Ketiga, Luhut juga menceritakan bahwa Simarmata juga memuji tim ahli bidang ekonomi pemerintah karena selalu terbuka untuk mendengar dan menerima masukan dari semua pihak.
Terakhir, di penghujung penjelasannya Luhut menekankan bahwa tidak ada menang kalah dari “perdebatan” dengan Simarmata, bahkan keduanya sepakat bahwa semua boleh berbicara dan mengkritik pemerintah asalkan menggunakan data yang dapat diuji.
Lalu apa yang didapat dari pihak Simarmata dari pertemuan tersebut?
Sayangnya tidak banyak informasi yang diperoleh. Dari akun twitternya @dssimarmata, Simarmata hanya mencuit singkat ; “Diskusi ilmiah tidak harus terbuka, terminologi juga tidak dimengerti umum. Dalam situasi saat ini yang sangat ribut seperti ini, perlu tenang, ilmiah itu perlu begitu!”.
Dari cuitan ini, nampak bahwa Simarmata cukup puas dengan pertemuan tersebut, meski mungkin bisa saja bukan secara materi debat, tetapi dari dapat terlaksananya pertemuan bersama Luhut, itu saja.

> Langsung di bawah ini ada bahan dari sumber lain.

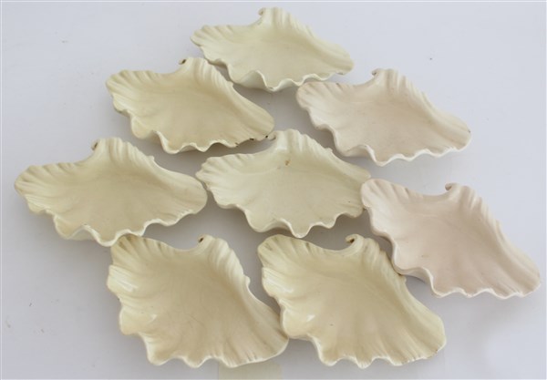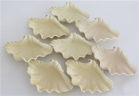 Manifattura italiana, gruppo di otto portacenere in ceramica a forma di conchiglia (lievi difetti)
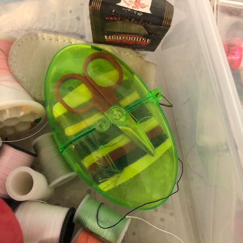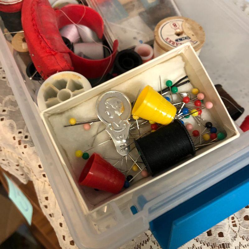 There is a thimble and a few other goodies in addition to a lot of thread. Please view the pictures for more information.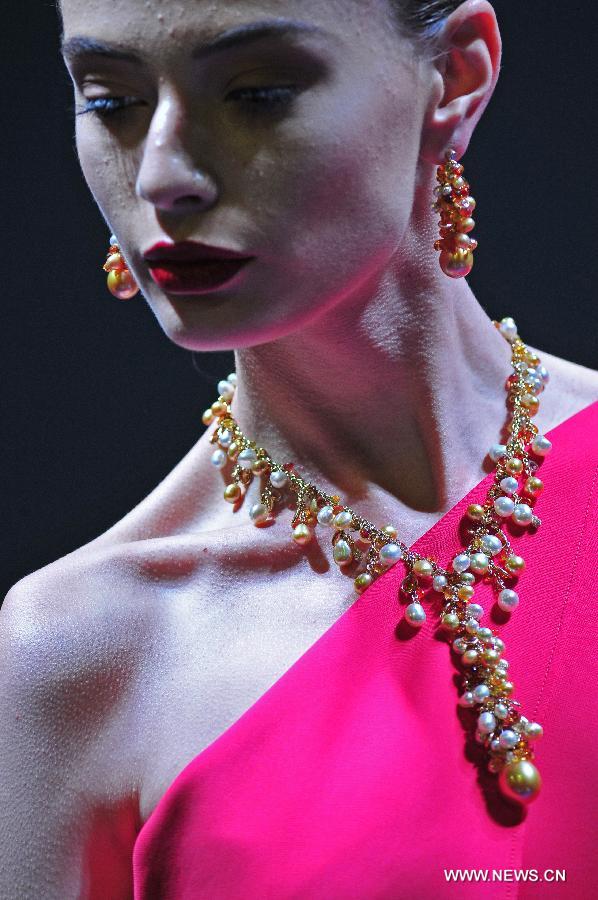 A model presents jewelry creations at a fashion show during the Singapore International Jewelry Expo held in Singapore's Marina Bay Sands Expo, on July 3, 2014. The four-day Singapore International Jewelry Expo kicked off here Thursday. (Xinhua/Then Chih Wey) |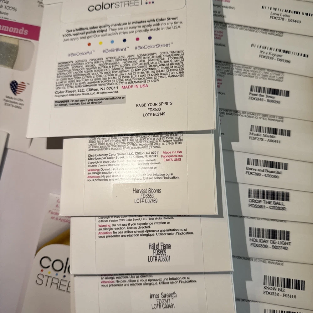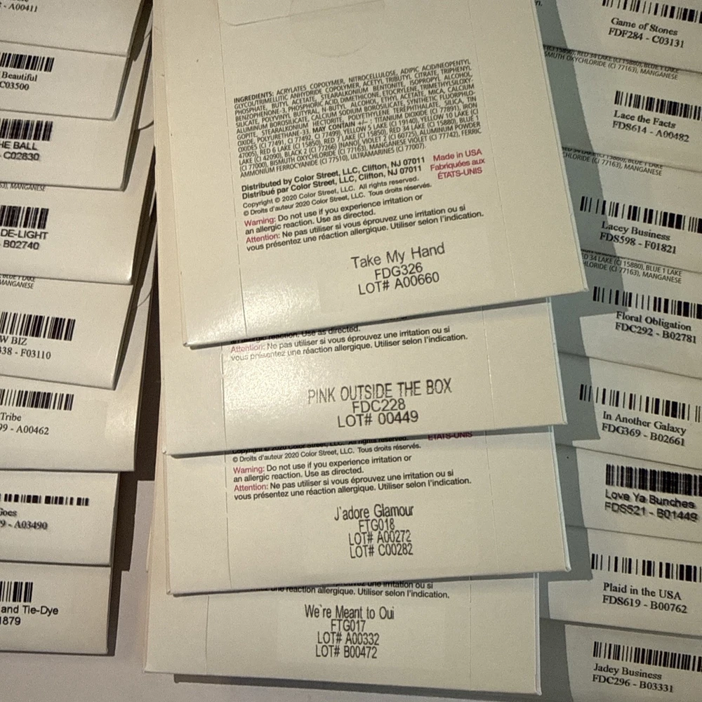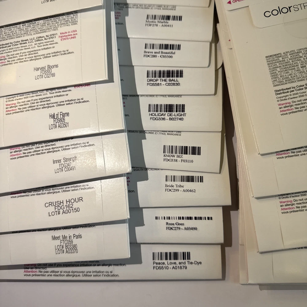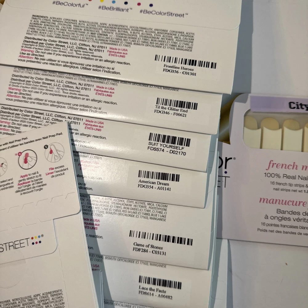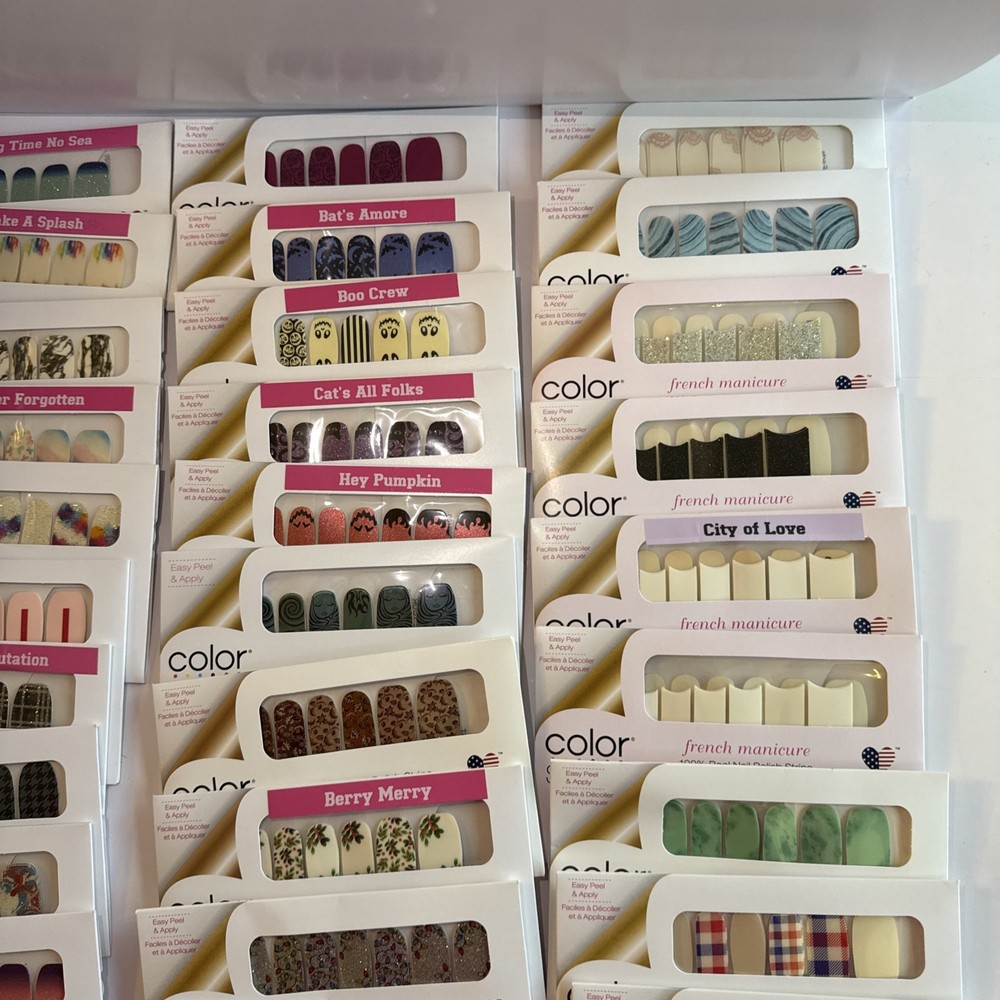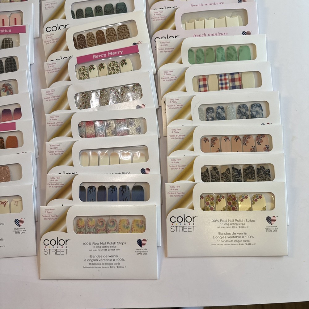 The is a lot of Color Street nail strips, consisting of 50 new packages in french manicures and designs! These nail polish strips are from the retired designs, offering a variety of colors and styles to choose from. As a popular brand in the nail care industry, Color Street provides a convenient and easy way to achieve professional-looking nails at home. These nail strips are a popular choice among beauty enthusiasts looking to add a touch of color and sparkle to their manicures and pedicures. Comes from a smoke-free home. Labeled with the names for convenience, unlabeled have names in pictures. These are retired Color Street sets and have been stored for some time. Due to age, some sets may be partially dried. Priced accordingly and sold as-is. Lot - D for inventory purposes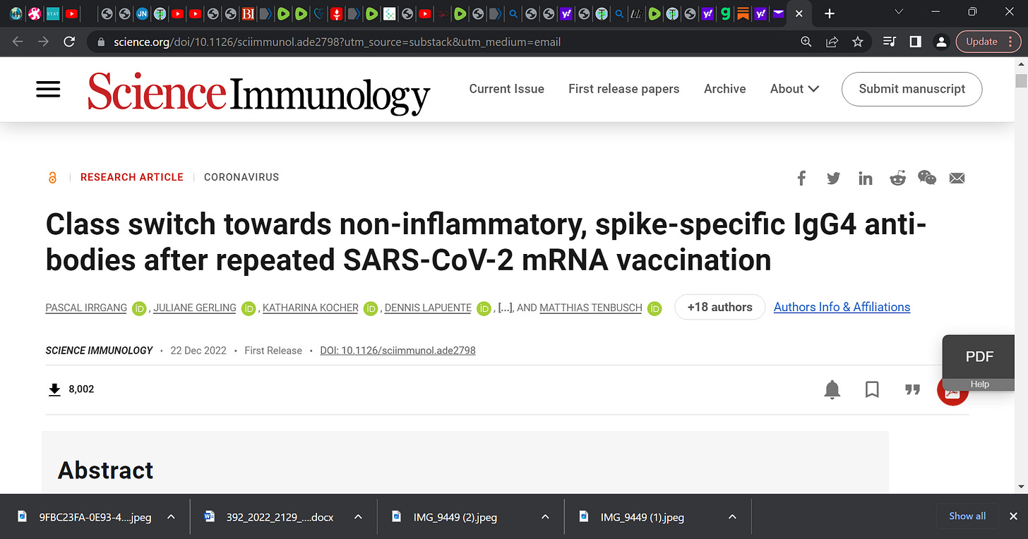 Tolerance? Irrang et al.: "Class switch towards non-inflammatory, spike-specific IgG4 antibodies after repeated SARS-CoV-2 mRNA vaccination"; researchers show multiple boosters subvert immune response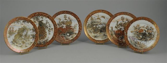 CHINE. Suite de 6 ASSIETTES en porcelaine à décor polychrome et or de grues, cailles, paons... Aile à fond vermiculé or. Revers de l'aile à décor floral. Fin XIXème. Diam. 19,5 cm.(fêle à l'une)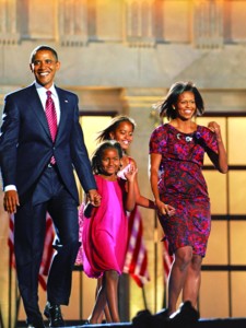 美國(guó)人一向是崇拜個(gè)人偶像的,無論是好萊塢還是白宮,這個(gè)規(guī)律從來不曾改變過,特別是當(dāng)風(fēng)流倜儻的總統(tǒng)配上氣質(zhì)高貴的第一夫人,更能讓選民瘋狂。早在肯尼迪帶著夫人杰奎琳出來選總統(tǒng)時(shí),就已經(jīng)在美國(guó)國(guó)內(nèi)掀起追星般的狂熱。杰奎琳引領(lǐng)的時(shí)尚風(fēng)潮也經(jīng)久不衰,法國(guó)第一夫人卡拉·布呂尼首次隨總統(tǒng)薩科齊出訪英國(guó)的時(shí)候,就以一襲“杰奎琳式”的洋裝驚艷亮相希思羅機(jī)場(chǎng)。如今奧巴馬處處被人拿來與肯尼迪比較,而現(xiàn)年44歲、身高1.8米、儀態(tài)端莊的米歇爾,就有人稱贊她將杰奎林·肯尼迪的風(fēng)度和勞拉·布什的魅力集于一身。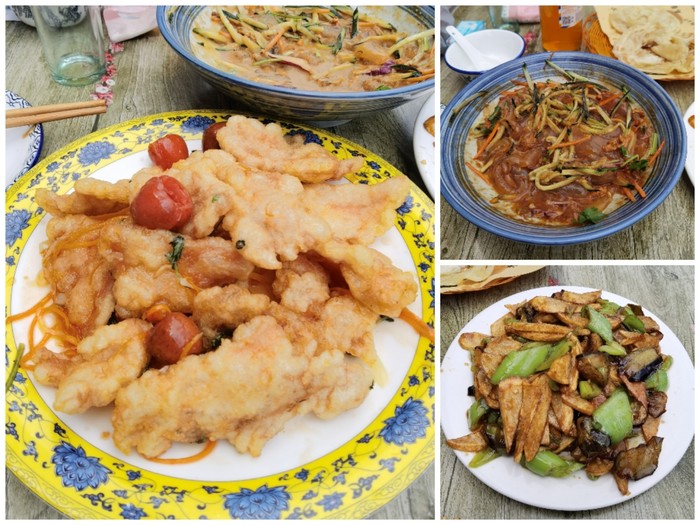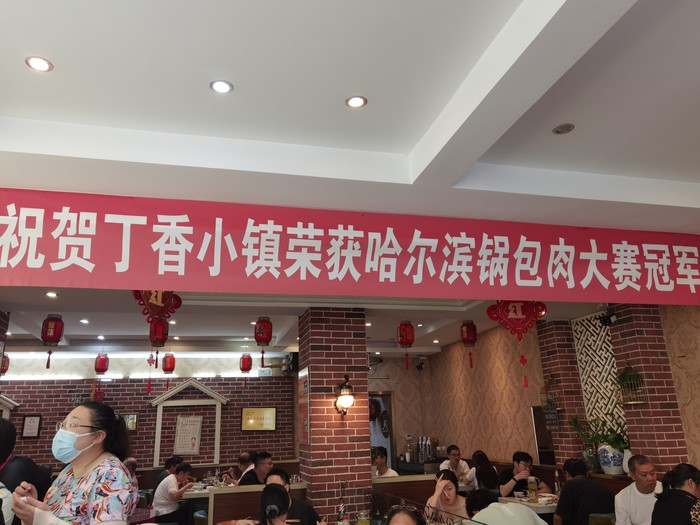 十分钟决定第一餐吃这个网络热评的丁香小镇,果不其然,午饭点到店,排队到店外,户外露天享受。老式锅包肉必点(山楂老式锅包肉),地三鲜回忆,大拉皮降温,奶香手撕饼略微点缀。虽然对菜量有逾期,但是2人三菜还是远超我俩的额定食量,饱餐一顿,评分和味道还算匹配。

Cuitan ini lalu mengundang ribuan komentar dari netizen, saya lihat mayoritas nampak kurang puas dengan cuitan Simarmata sehingga mengingatkan sebuah ungkapan lama, “penonton kecewa”.
***
Sedari awal saat narasi rencana perdebatan ini muncul, saya menyambutnya, meski tidak dengan ekspetasi tinggi. Menyambutnya bukan karena tertarik dengan esensi atau materi perdebatan, tetapi dengan keriuhan yang akan ditimbulkan.
Maksud saya begini, saya menduga riuh yang ditimbulkan bahkan mungkin tidak berkaitan atau menyentuh tentang materi, tetapi mengenai metode debat yang akan dilakukan serta selentingan adu taruhan yang sudah wow muncul di permukaan.
Seperti pinta pihak Rizal Ramli yang mengatakan jika pihak Luhut kalah, maka menteri di tim ekonomi Jokowi harus semuanya mundur dan jika Luhut menang maka dirinya akan diam, tidak mengkritik pemerintah lagi.
Hal-hal ini membuat narasi perdebatan ini nampak bagi saya hanya sebagai sebuah hiburan semata, bahkan lelucon.